В памятной главе своей книги Эйкен и Бартельс показывают, что политики часто терпят поражение на выборах из-за событий, находящихся вне их контроля.Летом 1916 года, например, отдыхающие на пляжах в Нью-Джерси пережили серию нападений акул. На ноябрьских выборах пляжные городки дали президенту Вудро Вильсону меньше голосов, чем непляжные города Нью-Джерси. Избиратели, похоже, наказывали Вильсона за нападение акул. По словам Эйкена и Бартелса, способность избирателей «выносить разумные суждения о кредитоспособности и вине очень ограничена». Это вежливый способ сказать, что большинство избирателей недостаточно умны, чтобы понять, что президенты не несут ответственности за нападения акул.

Эйкен и Бартельс якобы защищают концепцию демократии. Но сила их аргументов и дух их книги высмеивают «романтическое» или «донкихотское» представление о том, что народ должен править. Они сравнивают «идеал народного суверенитета» — краеугольный камень современной демократической политической теории — со средневековым понятием «божественное право королей». Более реалистичная точка зрения состоит в том, что «разработка политики — это работа специалистов».

Многие политические деятели во всем мире также считают, что эпистократы должны править, и пытаются заручиться эмоциональной поддержкой населения.Рассмотрим лозунг Демократической партии на выборах в США в 2016 году: «Я с ней». Демократы рассказывали свою версию спасительного мифа Платона или простую историю, призванную побудить людей отождествить себя с политическим делом.

Демократия, напротив, требует отношения к людям как к гражданам, то есть как к взрослым, способным к осознанным решениям и моральным поступкам, а не как к детям, которыми нужно манипулировать. Один из способов относиться к людям как к гражданам — это доверить им реальные возможности участвовать в политическом процессе, а не просто как существ, которые могут приходить голосовать за лидеров каждые несколько лет.
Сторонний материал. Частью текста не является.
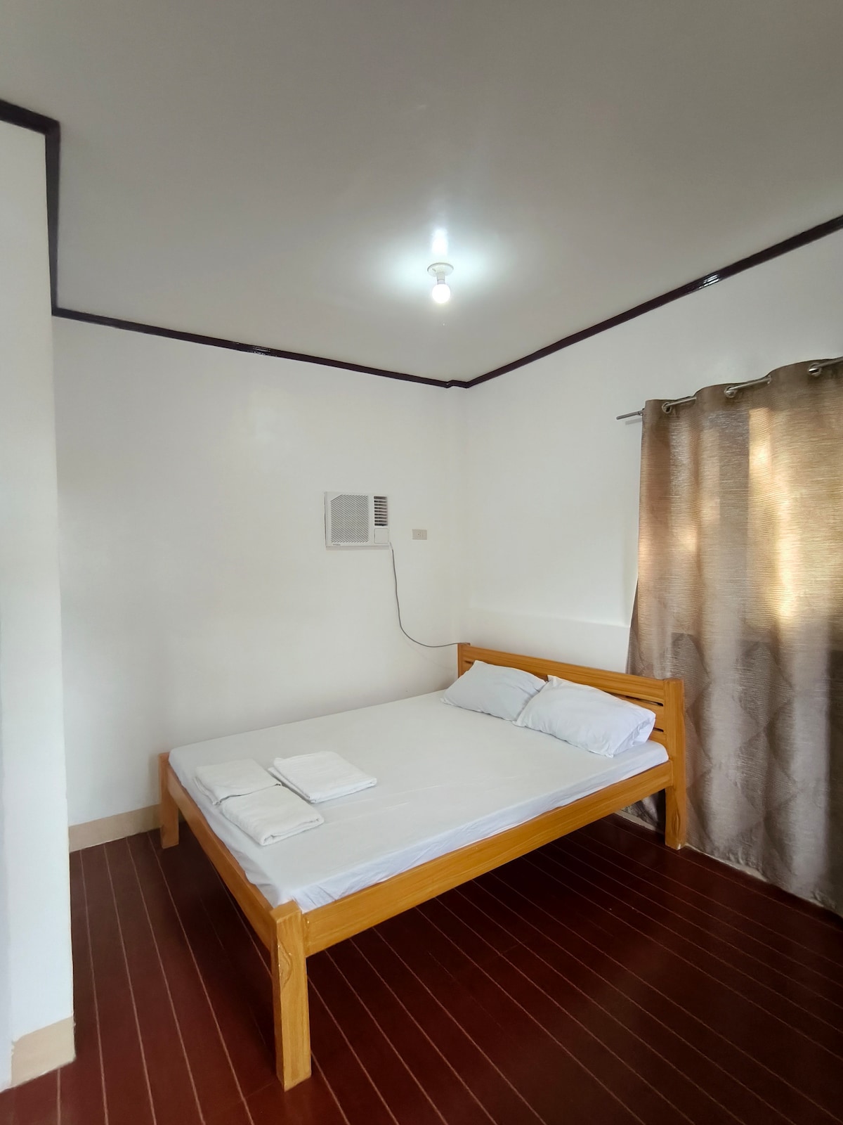 Good for 3 guests. 1-bedroom with a double bed, single bed, and additional floor bed if requested. Air-conditioned. Clean bathroom. Free WiFi. Cooking stove available for an extra fee. 3-5 min drive to the beach, Motorcycle rental available in the area Nearby: Santa Fe Port – 450m (2-min drive) Kota Beach – 1.2km (5-min drive) Ogtong Cave – 2.5km (7-min drive) Paradise Beach – 3.8km (12-min drive) Airport – 2km (6-min drive) Market – 700m (3-min drive)

Демократы признают, что одни люди знают больше, чем другие. Однако демократы считают, что люди, наделенные значимой властью принимать решения, могут ответственно обращаться с властью. Более того, люди испытывают удовлетворение, когда принимают участие в построении общего будущего. Демократы, от Томаса Джефферсона и Алексиса де Токвилля до политического теоретика Кэрол Пейтман из Калифорнийского университета в Лос-Анджелесе, выступают за как можно более широкое рассредоточение власти среди людей. Демократическая вера заключается в том, что участие в политике просвещает и облагораживает людей.Для демократов актуальной задачей сегодня является защита и расширение возможностей для политических действий, а не их ограничение или закрытие во имя экспертного правления.

Каждый день люди демонстрируют, что они способны учиться. Люди осваивают новые языки, получают ученые степени, переезжают в новые города, готовятся к работе и преодолевают сложности современной жизни. Это правда, что люди склонны игнорировать то, что не касается их жизни. Подумайте, насколько хорошо вы знаете географию того, где живете и работаете; А теперь подумайте, сколько вы знаете о географии места на другой стороне земного шара, которое вы никогда не посещали.Люди изучают то, что им небезразлично и где знания помогают им в достижении целей.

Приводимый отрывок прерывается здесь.